Another high-efficiency test equipment is the Kikusui PLZ6000R regenerative DC load, which achieves power regeneration efficiency of better than 90% to avoid the need for additional cooling even when handling high power levels. Capable of 6 kW maximum power, the electronic load provides a high-current (400 A) voltage range of 0 to 30 V and a lower-current (to 200 A) voltage range of 0 to 600 V. Local operation is very straightforward thanks to a large on-board liquid-crystal-display (LCD) screen. The electronic load also provides ease of remote operation with GPIB, RS-232C, and USB control interfaces. This test equipment is well suited for testing DC-to-DC converters and serving as a dummy load for equipment powered by natural energy sources, such as solar power and wind turbines.

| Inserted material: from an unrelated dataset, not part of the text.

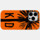 Coque iphone monographie avec design de palmiers. Couverture téléphonique cool avec illustration de thème d'été et monogramme personnalisable. Ajoutez vos initiales de nom à la conception. Couleur arrière - plan de coucher de soleil personnalisée. Vive orange.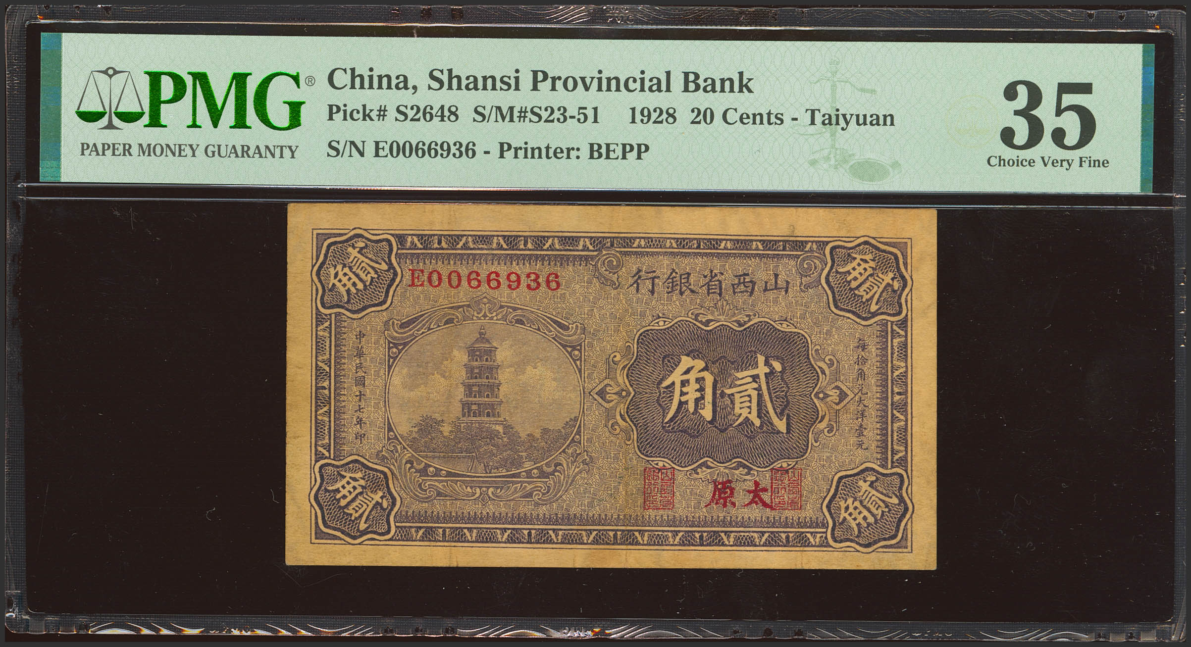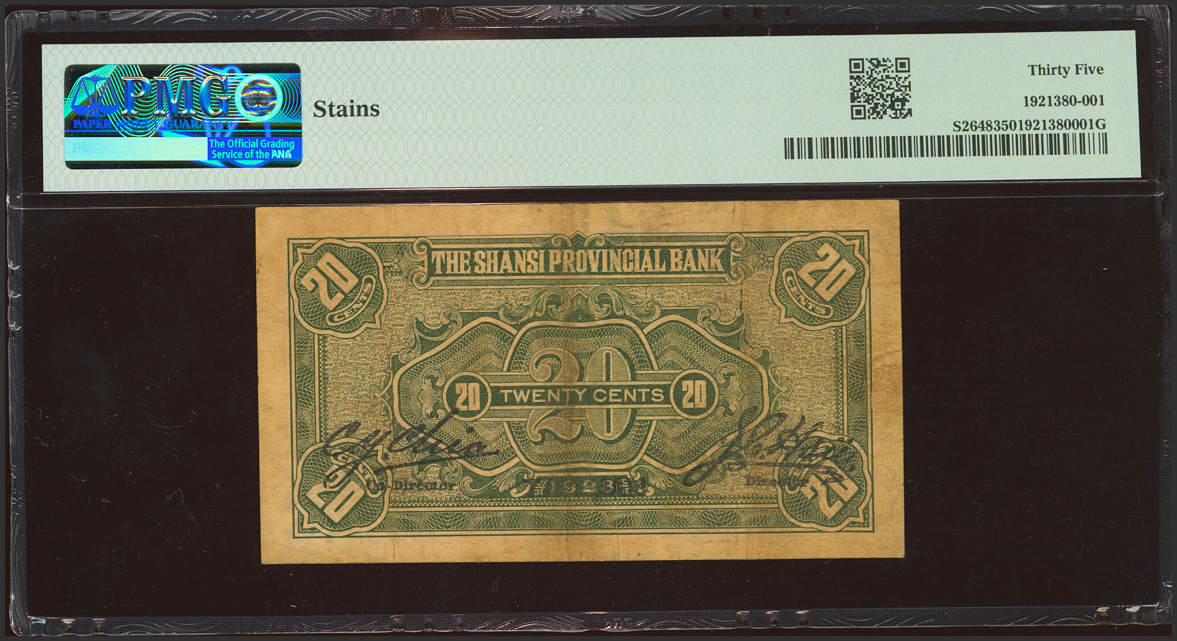 English CHINA. 20 Cents. 1928. Shanse Provincial Bank. Taiyuan. (Pick: S2648, SM: S23-51). PMG35 (stains).

The NH Research 9430-24 regenerative four-quadrant current-regulated AC load is also easy to use via its large 9-in. touch panel user interface. It is capable of single-, split-, or three-phase operation and has several operating modes, including constant-current, constant-voltage, constant-resistance, and constant-power operation. The regenerative AC load has an AC voltage range of 10 to 350 VAC from 30 to 880 Hz and a DC voltage range of 10 to 400 VDC, with maximum power rating of 24 kW. With a maximum current rating of 180 A and programmable crest factors, it can emulate different types of loads, such as switching power supplies, and return energy to the grid with better than 90% efficiency.